→ Prompt
Pictures should be omitted; restate word for word the lines from the one holding "特徴(性格など) | ☆☆☆ご希望の方は、以下のアンケートフォームにご記入の上、送信してください☆☆☆" through the last line of the entries below.

** Data under study follows **

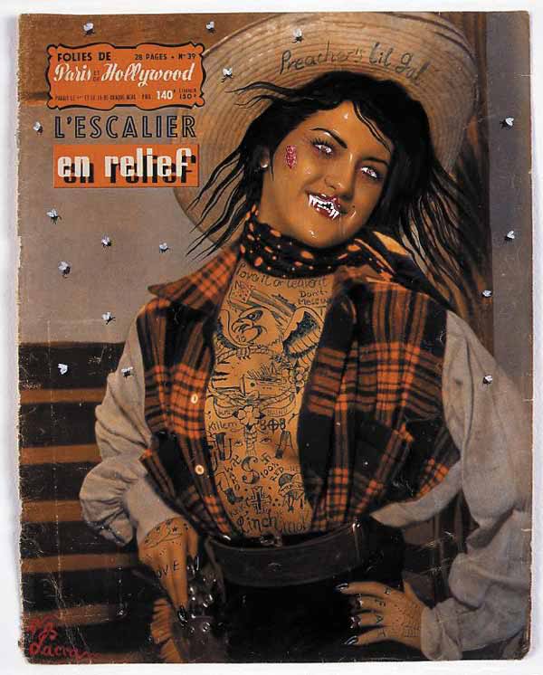 “Jerónimo López Ramírez, also known as Dr. Lakra, is an renowned tattoo artist who lives and works in Oaxaca, Mexico. Under his pseudonym, loosely translating as “Dr. Delinquent,” he draws over vintage printed materials and found objects rather than skin, manipulating images of pin-up girls, 1940s Mexican businessmen, luchadores, and Japanese sumo wrestlers.”
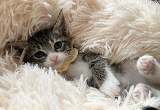 | 特徴(性格など) | ☆☆☆ご希望の方は、以下のアンケートフォームにご記入の上、送信してください☆☆☆ ねこ親希望アンケート→ http://chibawan.net/contactform_cat 【猫No】3992 【愛称】ゆっけ 【性別】オス 【年齢】推定6週(25/09/17頃生) 【毛色】キジ白・真っ直ぐの長しっぽ 【体重】510g 【状態】ノミダニ駆除済、駆虫済、ワクチン1回接種済(25/10/27)、血液検査済(猫エイズ・白血病共に陰性) 【保護場所】野田市 【日記】http://instagram.com/kemikemi1206 【経緯】柏市動物愛護ふれあいセンターより引き出しました。 【性格】ぱっちりとつぶらな瞳と大きなお耳が印象的な、美しいキジ白の男の子です。 性格は元気で活発、兄妹ににゃんプロを仕掛けたり、追いかけっこで走り回ったり、身体を使う遊びが大好きで、息を切らしてダイナミックに遊びます。 運動神経抜群、将来はヤンチャ坊主に育ちそうです。 食欲旺盛で食べるのも早く、食べ終わるとすかさず他の子のお皿を狙いにいきますので監督が必要です。 今は人間に甘えるよりも遊ぶ方に忙しいみたいですが、抱き上げれば喉をコロコロ鳴らして喜び、遊び疲れるとお膝でウトウトしてしまいます。 たくさん遊んでパタッと眠る子猫らしい子猫ですので、猫との暮らしが初めての方にもお勧めです。 遊び盛りの子猫ですので、遊び相手となってくれそうな先住猫さんがいるか、兄妹一緒に迎えて下さるご家庭を希望します。 育ち盛りのゆっけの日々の様子や、育児日記の悲喜こもごもなどをインスタグラムに毎日アップしています。 子猫との生活がどんなものか、また、ゆっけの性格なども垣間見えると思いますので、ぜひご覧下さい。 【その他】完全室内飼育で終生愛情を持ってゆっけと暮らしていただける方、脱走対策を労を惜しまず入念に施して下さる方、定期的なワクチン接種や、その時々において必要な医療処置等の健康管理を約束していただける方からのお問い合わせをお待ちしております。 可愛いゆっけに会いに、預かり宅までいらして下さい! ※ 大変申し訳ないのですが、猫が幼齢のため、55歳以上の方からのお申し込みはお断りする場合がございます。 ※ 猫との暮らしが初めてのお子さまには、アレルギー検査をお勧めしております。(短時間猫と触れ合った経験だけではアレルギーの有無はわかりません) 責任ある終生飼育には必要なことですので、ご理解下さいませ。 ※ お届けは、去勢手術・マイクロチップ装着などの医療処置が終わってからを予定しています(11月下旬に手術を受ける予定です) |
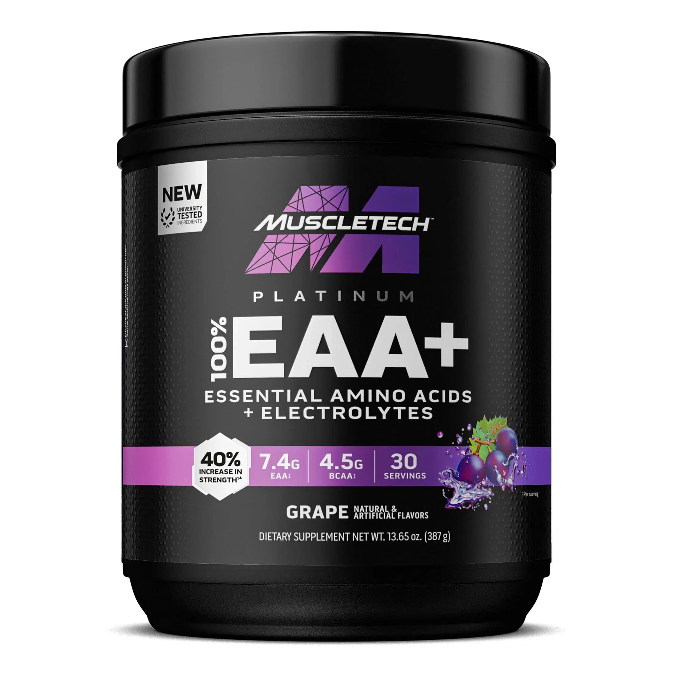 Platinum 100% EAA+ provides an optimized array of essential amino acids (EAA) to help amplify muscle strength and support protein synthesis.
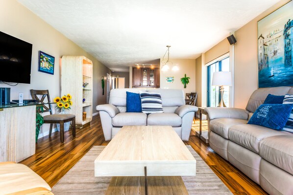 Step into a cool and airy living space that extends the beauty of the ocean panorama. The living area is generously sized, offering comfortable seating and a welcoming atmosphere. Floor-to-ceiling windows flood the room with natural light, creating a seamless connection between the indoors and the breathtaking outdoors.
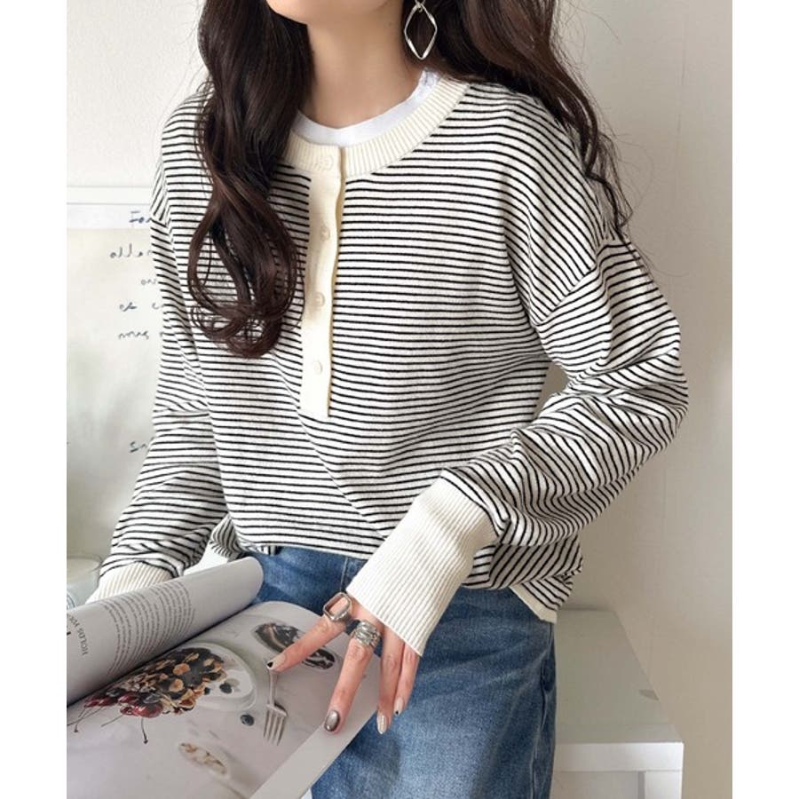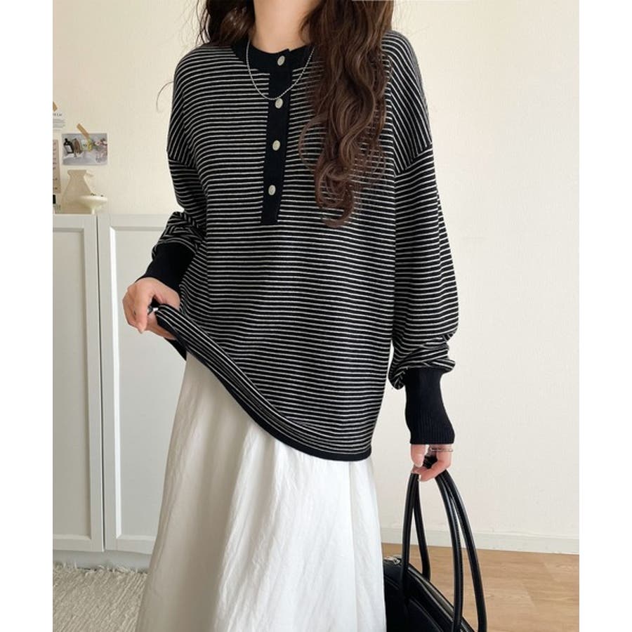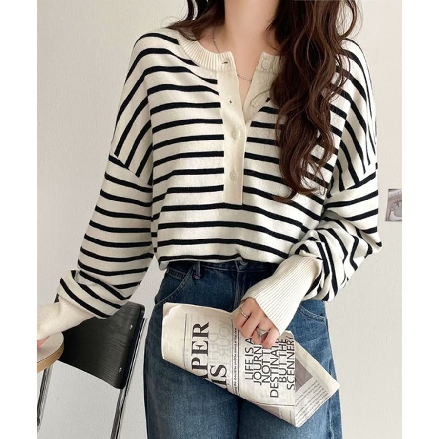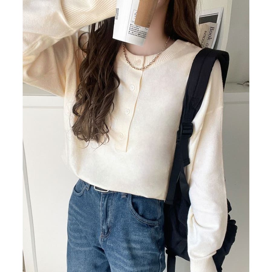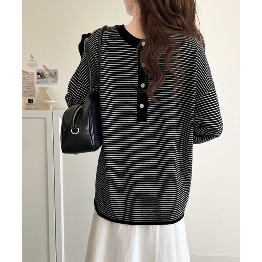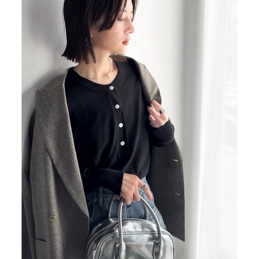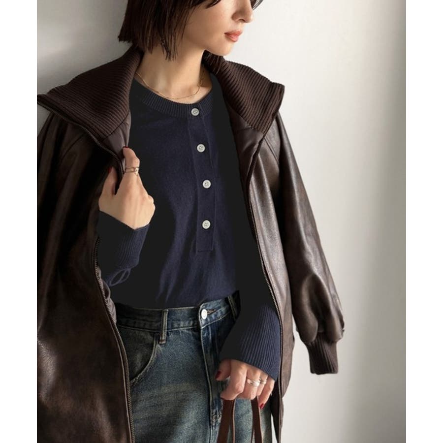ニットのぬくもりに、少しのアクセント。前後2wayヘンリーネックニットプルオーバ…

** End of Data under study **

→ Output of the task
 | 特徴(性格など) | ☆☆☆ご希望の方は、以下のアンケートフォームにご記入の上、送信してください☆☆☆ ねこ親希望アンケート→ http://chibawan.net/contactform_cat 【猫No】3992 【愛称】ゆっけ 【性別】オス 【年齢】推定6週(25/09/17頃生) 【毛色】キジ白・真っ直ぐの長しっぽ 【体重】510g 【状態】ノミダニ駆除済、駆虫済、ワクチン1回接種済(25/10/27)、血液検査済(猫エイズ・白血病共に陰性) 【保護場所】野田市 【日記】http://instagram.com/kemikemi1206 【経緯】柏市動物愛護ふれあいセンターより引き出しました。 【性格】ぱっちりとつぶらな瞳と大きなお耳が印象的な、美しいキジ白の男の子です。 性格は元気で活発、兄妹ににゃんプロを仕掛けたり、追いかけっこで走り回ったり、身体を使う遊びが大好きで、息を切らしてダイナミックに遊びます。 運動神経抜群、将来はヤンチャ坊主に育ちそうです。 食欲旺盛で食べるのも早く、食べ終わるとすかさず他の子のお皿を狙いにいきますので監督が必要です。 今は人間に甘えるよりも遊ぶ方に忙しいみたいですが、抱き上げれば喉をコロコロ鳴らして喜び、遊び疲れるとお膝でウトウトしてしまいます。 たくさん遊んでパタッと眠る子猫らしい子猫ですので、猫との暮らしが初めての方にもお勧めです。 遊び盛りの子猫ですので、遊び相手となってくれそうな先住猫さんがいるか、兄妹一緒に迎えて下さるご家庭を希望します。 育ち盛りのゆっけの日々の様子や、育児日記の悲喜こもごもなどをインスタグラムに毎日アップしています。 子猫との生活がどんなものか、また、ゆっけの性格なども垣間見えると思いますので、ぜひご覧下さい。 【その他】完全室内飼育で終生愛情を持ってゆっけと暮らしていただける方、脱走対策を労を惜しまず入念に施して下さる方、定期的なワクチン接種や、その時々において必要な医療処置等の健康管理を約束していただける方からのお問い合わせをお待ちしております。 可愛いゆっけに会いに、預かり宅までいらして下さい! ※ 大変申し訳ないのですが、猫が幼齢のため、55歳以上の方からのお申し込みはお断りする場合がございます。 ※ 猫との暮らしが初めてのお子さまには、アレルギー検査をお勧めしております。(短時間猫と触れ合った経験だけではアレルギーの有無はわかりません) 責任ある終生飼育には必要なことですので、ご理解下さいませ。 ※ お届けは、去勢手術・マイクロチップ装着などの医療処置が終わってからを予定しています(11月下旬に手術を受ける予定です) |
 Platinum 100% EAA+ provides an optimized array of essential amino acids (EAA) to help amplify muscle strength and support protein synthesis.
 Step into a cool and airy living space that extends the beauty of the ocean panorama. The living area is generously sized, offering comfortable seating and a welcoming atmosphere. Floor-to-ceiling windows flood the room with natural light, creating a seamless connection between the indoors and the breathtaking outdoors.
ニットのぬくもりに、少しのアクセント。前後2wayヘンリーネックニットプルオーバ…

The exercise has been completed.